**What the task asks:** No pictures are to be included when the entries below are reproduced exactly.

**Data listing:**

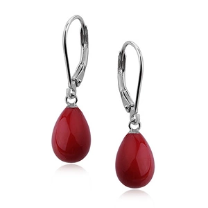 Srebrne kolczyki pr.925 łezki, prasowana muszla - czerwona
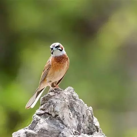 栗斑腹鹀:属小型鸣禽。体重19-25克,体长145-167毫米。头顶至背栗红色,眼先和颧纹黑褐色,…
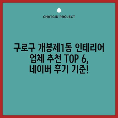 💡 구로구 개봉제1동 인테리어 업체들에 대한 고객 후기와 추천 정보를 확인해 보세요. 💡
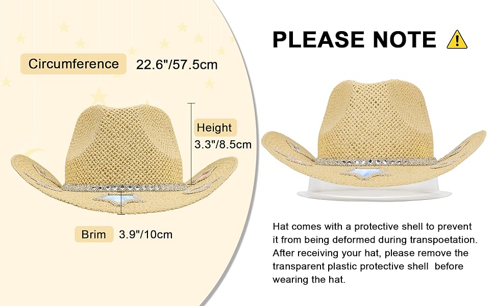 📏Perfect Size for Most Women: Circumference 22.6"/57.5 CM, height 3.3"/8.5 CM, brim 3.9"/10 CM. This western cowgirl hat has built-in elastic band ensures a snug yet comfortable fit. It also comes with a detachable windproof rope, keeping the hat securely in place while you dance, ride, or enjoy outdoor events
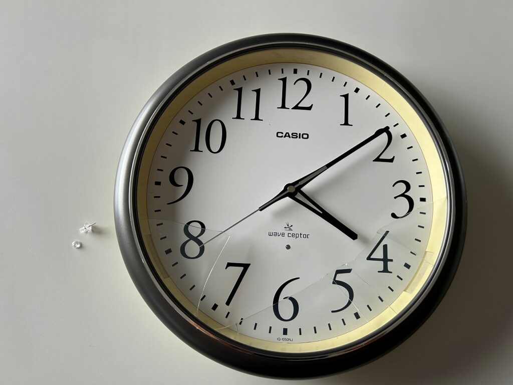 « 1級施工管理技士試験 スイッチ交換工事 » 時の変化 株式会社アスクの中村です 先日会社の時計が、落下して破損してしまいました 原因は、留めていたピンが折れたことの様です なんだか縁起悪いな~と思いつつ、幸い創立記念日前日だったので 20周年に向け「時の変化を起こせ」というメッセージだと前向きに捉えることにしました
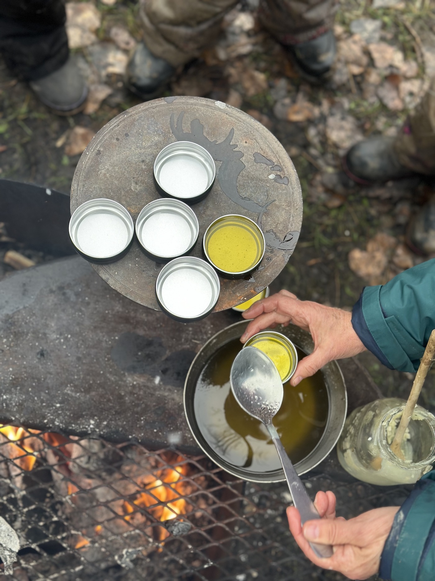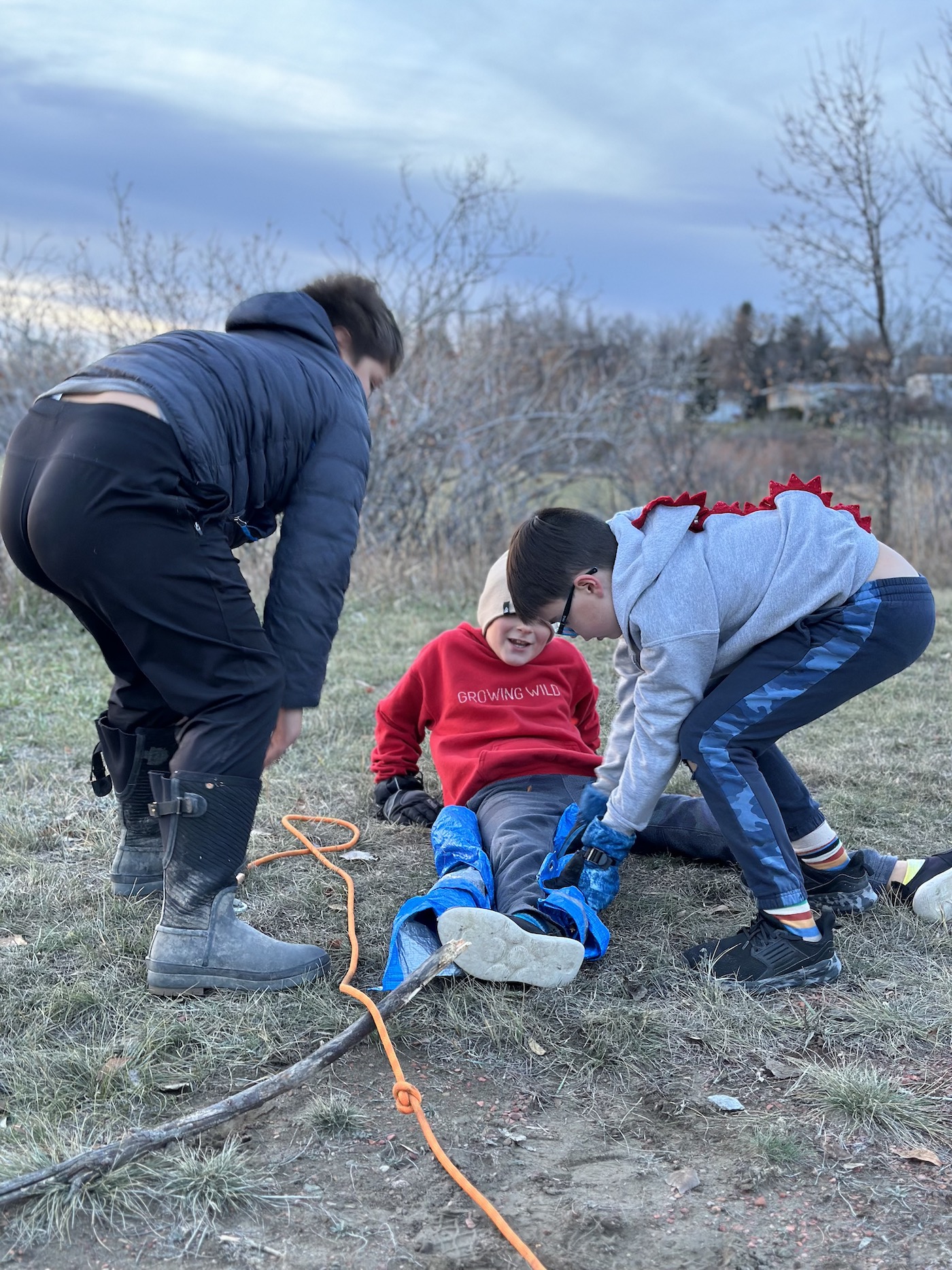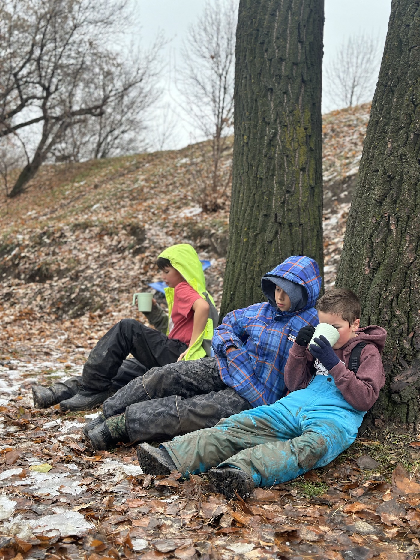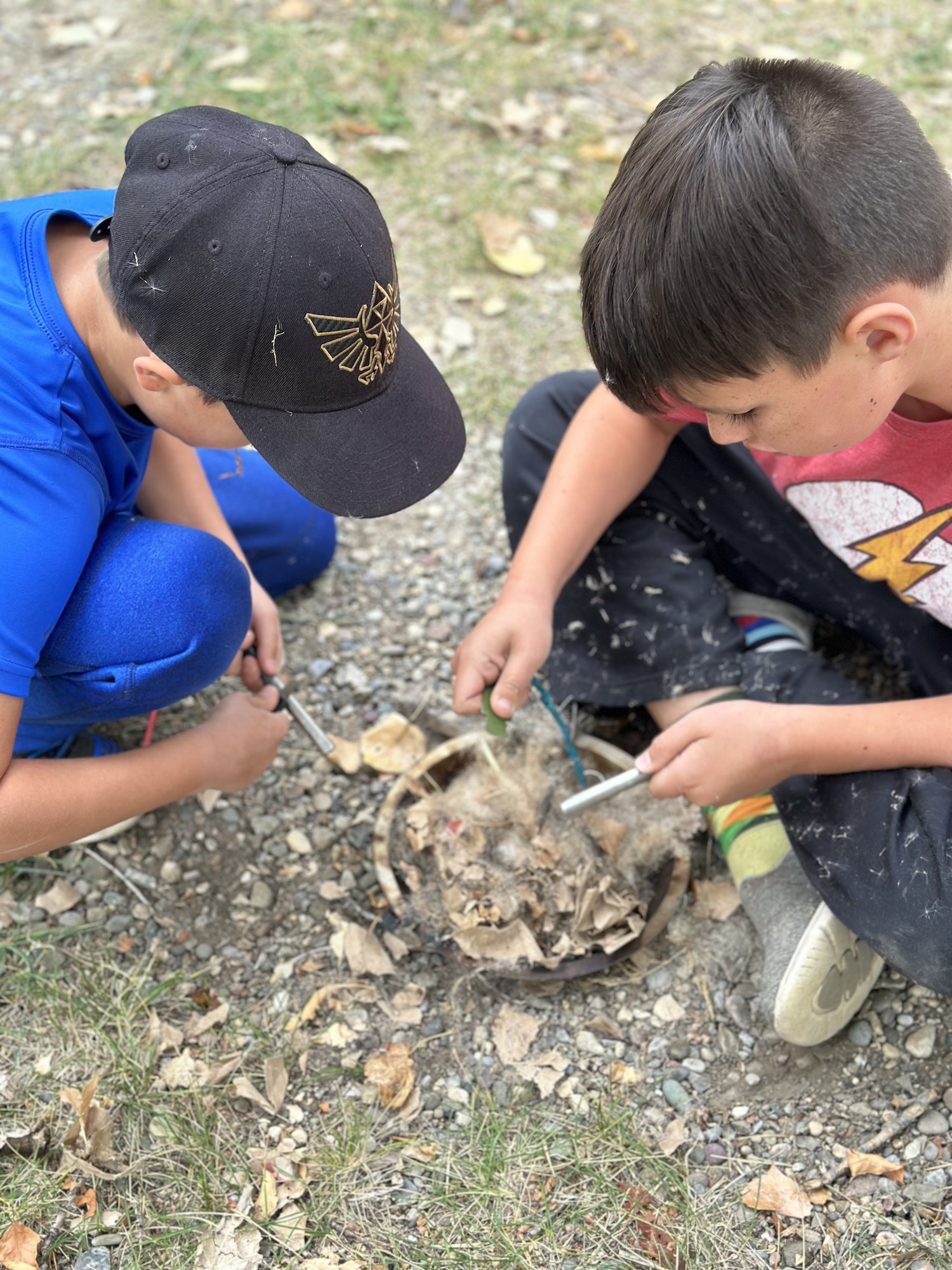 What an awesome day to learn a new wilderness skill and become a little more resilient in the cold and rain. We set off to find the perfect stick, collect sap and crush charcoal to make natural adhesive and spears. These kids will never look at sap the same way!

**Solution:**
 Srebrne kolczyki pr.925 łezki, prasowana muszla - czerwona
 栗斑腹鹀:属小型鸣禽。体重19-25克,体长145-167毫米。头顶至背栗红色,眼先和颧纹黑褐色,…
 💡 구로구 개봉제1동 인테리어 업체들에 대한 고객 후기와 추천 정보를 확인해 보세요. 💡
 📏Perfect Size for Most Women: Circumference 22.6"/57.5 CM, height 3.3"/8.5 CM, brim 3.9"/10 CM. This western cowgirl hat has built-in elastic band ensures a snug yet comfortable fit. It also comes with a detachable windproof rope, keeping the hat securely in place while you dance, ride, or enjoy outdoor events
 « 1級施工管理技士試験 スイッチ交換工事 » 時の変化 株式会社アスクの中村です 先日会社の時計が、落下して破損してしまいました 原因は、留めていたピンが折れたことの様です なんだか縁起悪いな~と思いつつ、幸い創立記念日前日だったので 20周年に向け「時の変化を起こせ」というメッセージだと前向きに捉えることにしました
 What an awesome day to learn a new wilderness skill and become a little more resilient in the cold and rain. We set off to find the perfect stick, collect sap and crush charcoal to make natural adhesive and spears. These kids will never look at sap the same way!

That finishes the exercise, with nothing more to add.